To assess the impact of the COVID-19 restrictions and the associated reduction in vehicle traffic, we compared the observed and predicted MVCs and RDVCs in the months when the restrictions were in place. Posterior predictive distributions of the expected monthly numbers were obtained from models made for every month of the COVID-19 restrictions for the periods of March–June 2020 and November 2020–June 2021. As the most conservative prediction, we used linear regression based on the least squares method.
The robustness of the differences between the observed and expected MVCs and RDVCs was assessed using chi-square statistics and the Wilcoxon signed-rank test (W) for equivalence of means. An insignificant test result proves the means of the observed and expected roadkills are equal. The proportions of RDVCs from MVCs were assessed as percentages, with Fisher’s 95% confidence intervals (CI). The lowest confidence level was set at p < 0.05, but at p < 0.10, the trend was not rejected. All calculations were carried out using PAST ver. 4.13 [53].

3. Results

3.1. Annual Dynamics of Mammal and Roe Deer Roadkill

On the main roads, a decrease in both MVCs and RDVCs was observed in both 2020 and 2021, the years with COVID-19 restrictions in Lithuania (Figure 1). The decrease in MVCs was 8.8% and 12.4% for the two years, totaling 220 fewer cases. The RDVCs decrease was smaller, 0.4% and 4.3%, respectively, totaling 25 fewer cases. However, neither decrease was found to be statistically significant (MVC: χ2 = 0.41; RDVC: χ2 = 0.25).
On national and regional roads, the trends differed, with a decrease in both MVCs and RDVCs in 2020, offset by an increase in collisions in 2021 (Figure 1). In numerical terms, there was a decrease in MVC cases on national roads by 5.5% in 2020, which amounted to 88 cases. However, this decrease was outweighed by an increase of 8.6% in 2021, equivalent to 145 additional cases. Regarding RDVC, there was a decrease of 6.4% in 2020, amounting to 72 cases, but this was countered by a significant increase of 12.9% in 2021, totaling 155 additional cases. Differences were significant (MVC χ2 = 7.95, p < 0.005; RDVC χ2 = 10.31, p < 0.002). On regional roads (Figure 1), MVCs decreased by 6.5% in 2020, i.e., 46 cases, and increased by 21.1% in 2021, i.e., 157 cases (χ2 = 12.41, p < 0.001). The decrease in RDVC in 2020 was 4.3%, equivalent to 23 cases, and the increase in 2021 was 24.1% or 135 cases (χ2 = 9.55, p < 0.005).
However, in general, the number of registered MVCs exceeded the expected figures based on long-term dynamics (8.4% increase in 2020, 14.9% increase in 2021, χ2 = 4.01, p < 0.05). Similarly, there was a noticeable trend of increase in the number of RDVCs (15.9% increase in 2020 and 23.5% increase in 2021, χ2 = 3.20, p = 0.07). This trend translates to nearly 1000 more roadkill incidents during the years with restrictions.
This increase depended on and was most pronounced on roads going through urbanized areas (see Figure 1). The number of registered MVCs exceeded the expected figures by 43.5% in 2020 and 31.7% in 2021, with a total increase of 880 collisions. However, this increase was not found to be statistically significant (χ2 = 2.46, p = 0.12). On the other hand, the number of registered RDVCs surpassed the expected figures by 800 collisions, showing an increase of 53.9% in 2020 and 35.5% in 2021, which was found to be statistically significant (χ2 = 4.36, p < 0.05).
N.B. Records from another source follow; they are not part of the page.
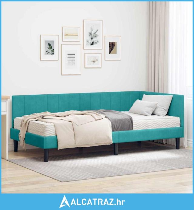 Kutni okvir kreveta s madracem Tirkizna 100 x 200 cm Baršun - NOVO
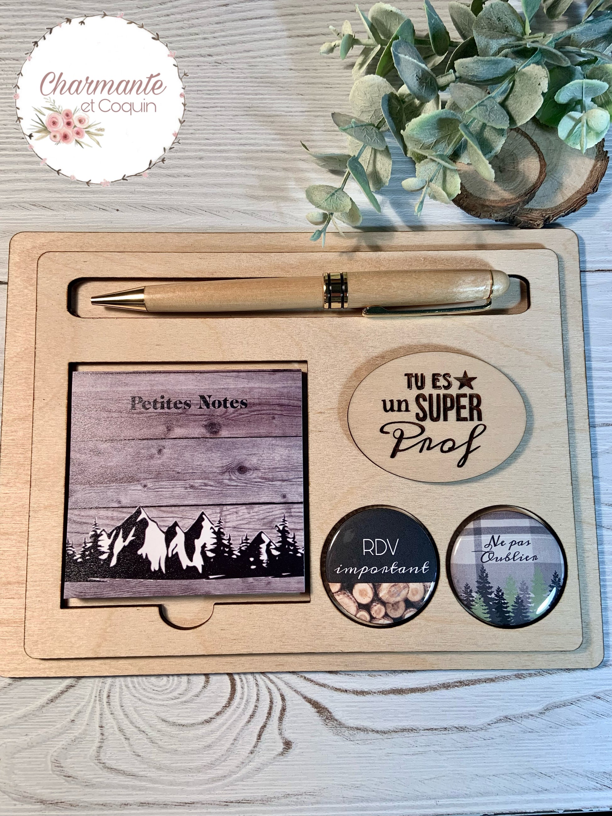 Petit organisateur de bureau en bois avec porte crayon , bloc notes autocollants (style post it ) et deux ensembles d'aimants personnalisés! Une belle idée de cadeau pour l'enseignant de votre enfant. Cela fera magnifique sur son bureau de travail mais également très pratique !! Un aimant peut également être personnalisé avec une petite citation de votre choix ! Un cadeau plus que parfait qui fera grand plaisir de recevoir.
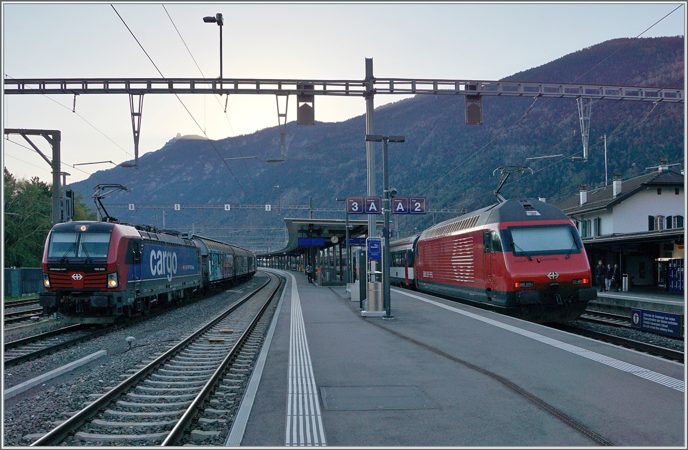 Noch vor Sonnenaufgang zeigen sich in Martingy der Re 460 mit einem IR nach Brig und die von SBB Cargo gemietet 193 059 mit einem Güterzug .
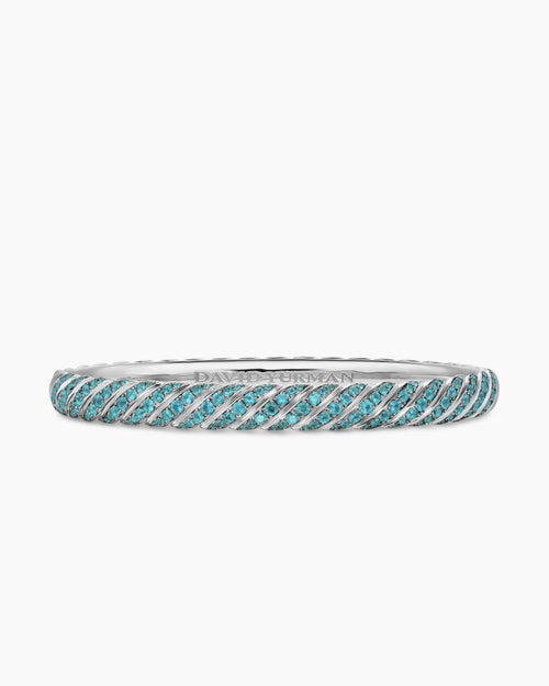 Sculpted Cable Bangle Bracelet 18K White Gold with Paraiba Tourmalines, 6.2mm
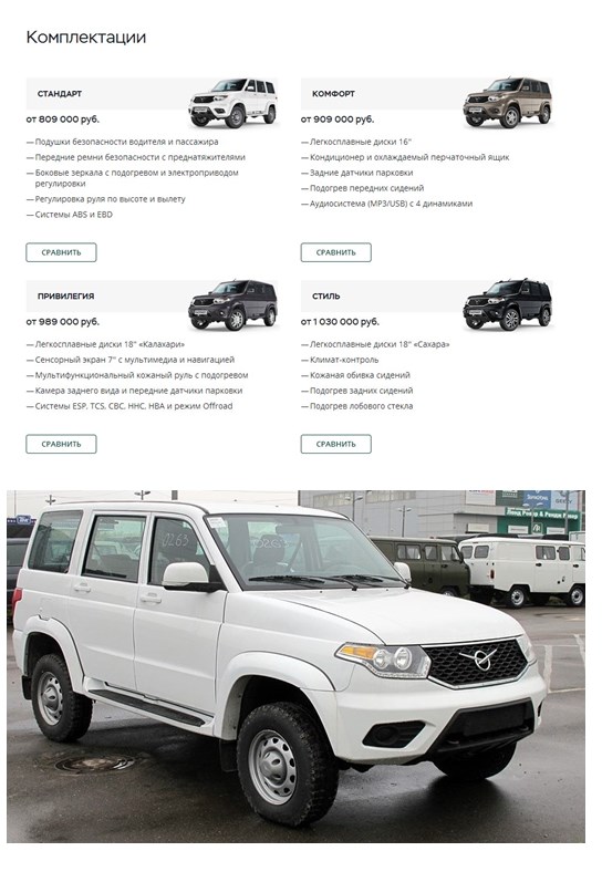 УАЗ Patriot будет продаваться в четырех различных комплектациях. Первая, базовая, помимо скудного списка оборудования, получит старые агрегаты, от предыдущей версии. В остальном, внедорожник может похвастаться неплохим уровнем оснащения.
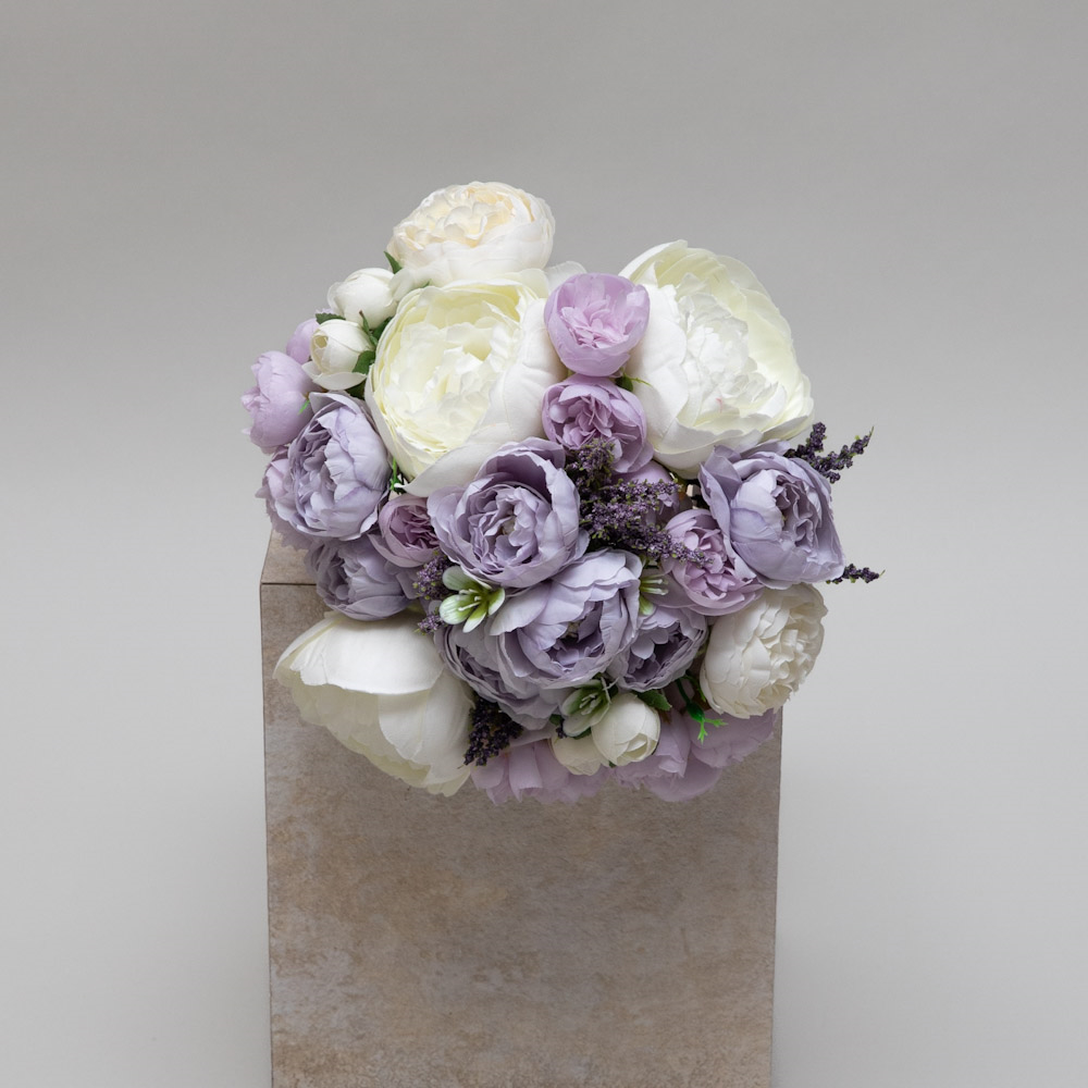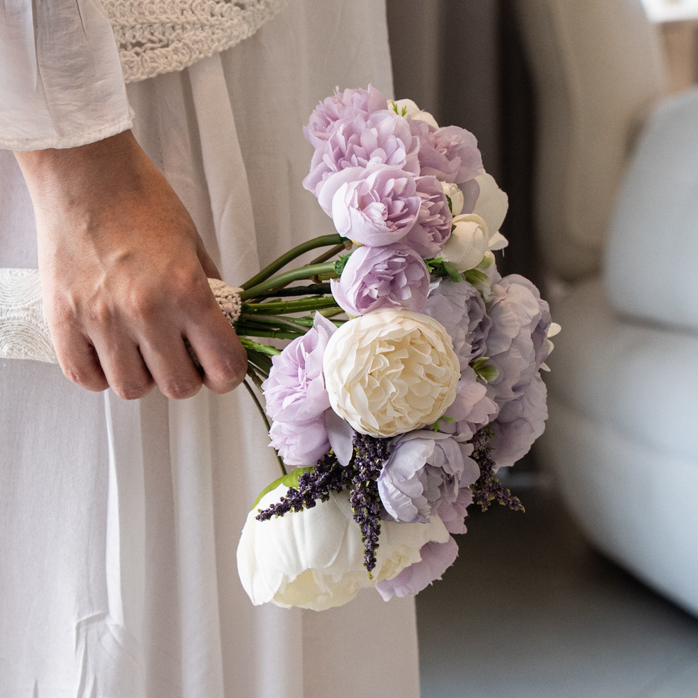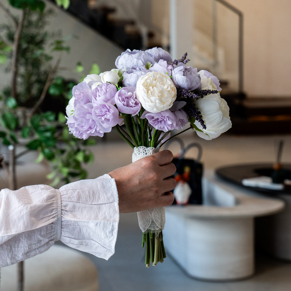 باقة العروس الرومانسية تتميز بأزهار البيوني بدرجات وردية وعاجية ناعمة، بتنسيق انسيابي أنثوي. تعكس رقة وأناقة خالدة.

3.2. Monthly Dynamics of Mammal and Roe Deer Roadkill during the COVID-19 Restrictions

In the months with restrictions, the number of observed MVCs was less than expected, with a difference of 232 cases on the main roads, 155 cases on the national roads and 29 cases on the regional roads (Table 4). Additionally, there were decreases of RDVCs by 73 on the main roads, 73 on the national roads and 7 on the regional roads (Table 5).
The most pronounced reduction in MVC during the period of restriction I was in April and May 2020; this was observed on main, national and regional roads, ranging from 5.1% to 20.8%. During the period of restriction II, the decrease in MVC was 33.6–54.4% in November and December 2020. In other months, the decline in road fatalities was not as consistent, with decreases in one category of road being outweighed by increases in another (Table 4).
As for the roe deer roadkills, a modest decrease in RDVC was observed during the period of restriction I on main, national and regional roads, with the reduction ranging from 5.9% to 17.1%. In the period of restriction II, the most pronounced reduction in RDVC occurred in December 2020, with 46.2–54.6% fewer roadkill cases than expected. However, in November 2020, the reduction in RDVC on main, national and regional roads, at 29.4–30.0%, was not sufficient to result in a negative balance for the total number of roadkills of this species. In the other months of both restriction periods, the pattern of roadkill number change was not consistent (see Table 5).
As examples of the most significant reductions, the spatial pattern of the MVC distribution in December 2019–2021 is depicted in Figure 2, while that of the RDVC distribution is shown in Figure 3. The presented maps reveal two main observations: firstly, roe deer accounted for the majority of roadkill incidents during the period of strict COVID-19 restrictions; secondly, there is a notable scarcity of accidents in proximity to major cities due to restricted travel between administrative regions. The administrative boundaries of core cities and towns (with populations of more than 20,000 inhabitants) are shown in Figure 2 and Figure 3, while labels show their names.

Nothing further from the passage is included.